A Scottish man appointed as bishop after the Reformation

A Tulchan (from the Scottish Gaelic, tulachan) was in Scotland a man appointed as bishop after the Reformation, who was a bishop in name only and whose revenue was drawn by his patron. The term originally referred to a calfskin stuffed with straw and presented to a cow, as if living, to induce her to give milk. The epithet Tulchan applied to the bishops is usually ascribed to the reformer and collector of Scottish proverbs David Fergusson.

Mr. Gladstone, during his electioneering raid into Midlothian in November 1879, explained the meaning of "tulchan", which he spelt "tulcan":

"My noble friend, Lord Rosebery, speaking to me of the law of hypothec, said that the bill of Mr. Vans Agnew on hypothec is a Tulcan Bill. A tulcan, I believe, is the figure of a calf stuffed with straw, and it is, you know, an old Scottish custom among farmers to place the tulcan calf under a cow to induce her to give milk."

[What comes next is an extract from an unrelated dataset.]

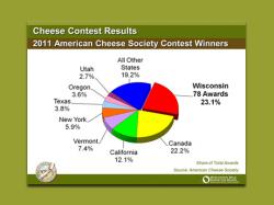 MADISON, Wis. – Wisconsin cheesemakers were honored for their expertise at the recent American Cheese Society Competition in Montréal, Québec, capturing 78 ribbons. Of 1,676 total entries (a record number), Wisconsin cheesemakers claimed 23 percent of all awards, winning more than any other state or country for the seventh year in a row. America's Dairyland's 78 awards included a tie for second place in the prestigious Best of Show category, as well as 22 firsts, 24 seconds and 31 third places.

Jamieson writes the word "tulchane", and cites the phrase, "a tulchane bishop", as the designation of one who received the episcopate on condition of signing the temporalities to a secular person. One of them, Robert Montgomery (before 1550–1609), was prosecuted by the religious reformer Andrew Melville (1545–1622). In some parts of Scotland, the people say a "tourkin calf" instead of a "tulcan calf". Jamieson further states:

"A tourkin calf, or lamb, is one that wears a skin not its own. A tourkin lamb is one taken from its dam, and given to another ewe which has lost her own. In this case, the shepherd takes the skin of the dead lamb, and puts it on the back of the living one, and thus so deceives the ewe that she allows the stranger to suck".

In other words, a "tulchan" can also be a living animal, and the usage is of one who gains profit by pretending to be someone, or something else.